Report: Pennsylvania lags in health care due to restrictions on nurse authority

Pennsylvania is out of step with its neighbors and deregulating some health care services could give residents of the commonwealth better access to treatment, a new analysis argues.

The Commonwealth Foundation released a report arguing that Maryland’s effort to grant nurse practitioners full practice authority is a model for Pennsylvania.

Full practice authority, wherein health workers can provide services they were trained for without the oversight of a physician, has been heralded as a way to address high costs and worker shortages.

In Pennsylvania, however, nurse practitioners struggle to work independently.

“Pennsylvania has some of the most restrictive laws governing advanced practice registered nurses,” the report noted.

Were the commonwealth to copy Maryland’s approach of granting full practice authority, the Commonwealth Foundation estimated that it “would increase the number of certified nurse midwives in Pennsylvania by an estimated 26.7%, and the number of NPs by 29.5%.”

That would translate into an extra 1,800 patients getting treated by nurse practitioners every week. If all nurse practitioners would then focus on primary care, full practice authority could “eliminate nearly half of” the state’s health care shortage areas.

For evidence, the Commonwealth Foundation pointed to better health care outcomes in Maryland’s border counties compared to Pennsylvania. After Maryland approved full practice authority, its nurse practitioner density grew and the gap between Maryland and Pennsylvania doubled.

“Laws and regulations matter,” said Elizabeth Stelle, director of policy analysis at the Commonwealth Foundation. “Maryland policies that give full practice authority to nurse practitioners and nurse midwives benefit health care consumers, providing greater access and better health care outcomes. Pennsylvania and other states can address primary care physician shortages by allowing highly trained advanced practice registered nurses to do the jobs they were trained to do.”

Pennsylvania has a “reduced practice” model for nurse practitioners, which requires them to have collaborative practice agreements with at least two doctors. They can diagnose patients, order tests, develop treatment plans, and deliver other health services, but a practice agreement determines what they can do. Doctor oversight is then required to consult with the nurse practitioners and review patient records as well.

Advocates for deregulation argue that such requirements limit health care availability without reason, given that NPs are trained to provide health care. Allowing them more independence, they say, could expand access and lower costs.

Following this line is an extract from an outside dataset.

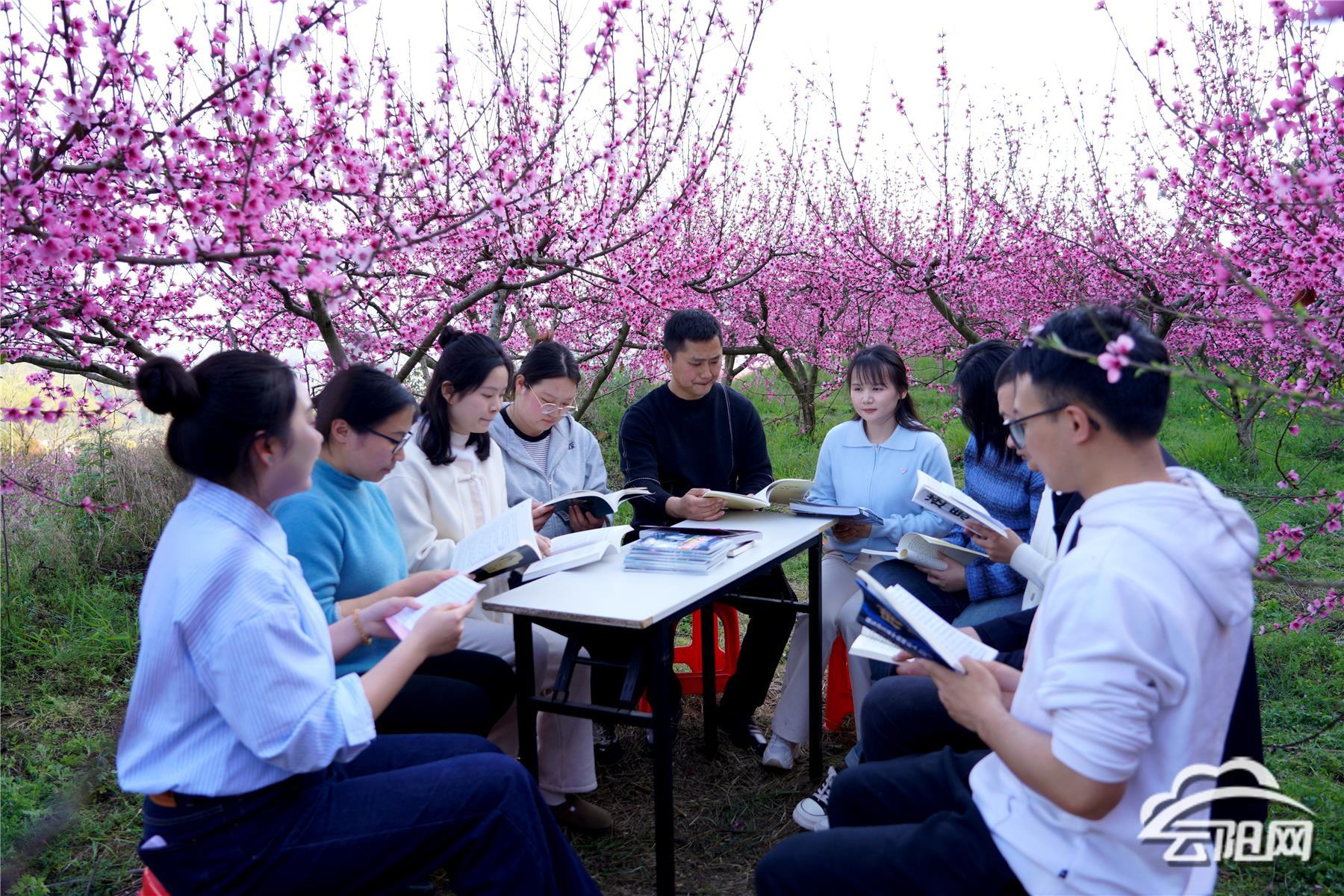 云阳网讯(记者 刘婷 赵泰庵)“我突然想起陶渊明笔下的那位武陵人:缘溪行,忘路之远近,忽逢桃花林……”三月春风拂面,桃花盛开如霞。近日,渠马镇举办“桃园读书会”,让阅读爱好者在花香与书香的交织中,开启一场与自然、文字和心灵的对话。

Other organizations, such as the Hospital and Healthsystem Association of Pennsylvania, also support greater nurse practitioner practice authority.

“HAP supports full practice authority for nurse practitioners and certified nurse midwives,” HAP Vice President of Strategic Communication Chris Daley said. “Empowering advanced practice professionals to take on an expanded role means more talented health care providers will be caring for patients. Especially during a national health care workforce shortage, we must promote flexibility that increases the number of providers caring for Pennsylvanians and improving care.”

The importance of nurse practitioners is in having more health care workers closer to underserved populations, the Commonwealth Foundation argued.

“Health insurance, whether it is funded by taxpayers or an employer, is not the same as health care,” Stelle said. “An insurance card is no guarantee of convenient access to providers who can take the time to understand your health care needs. If we are serious about convenient and affordable health care for all Pennsylvanians we should allow full practice for NPs immediately.”

Nurse practitioners have lower reimbursement rates for government-funded programs such as Medicaid, which is the “major driver of the cost savings” for nurse practitioners compared to doctor visits, Stelle noted. Preventative medicine also matters, when catching a problem early as minor avoids the cost of treating a problem when it’s major.

Giving more authority to health care workers could be key in attracting more workers, too. In a HAP report on workforce challenges, the top complaint for hospitals was finding qualified workers, along with wage pressures. Letting more nurse practitioners work independently could fill some health care gaps in Pennsylvania while making the system more cost-efficient.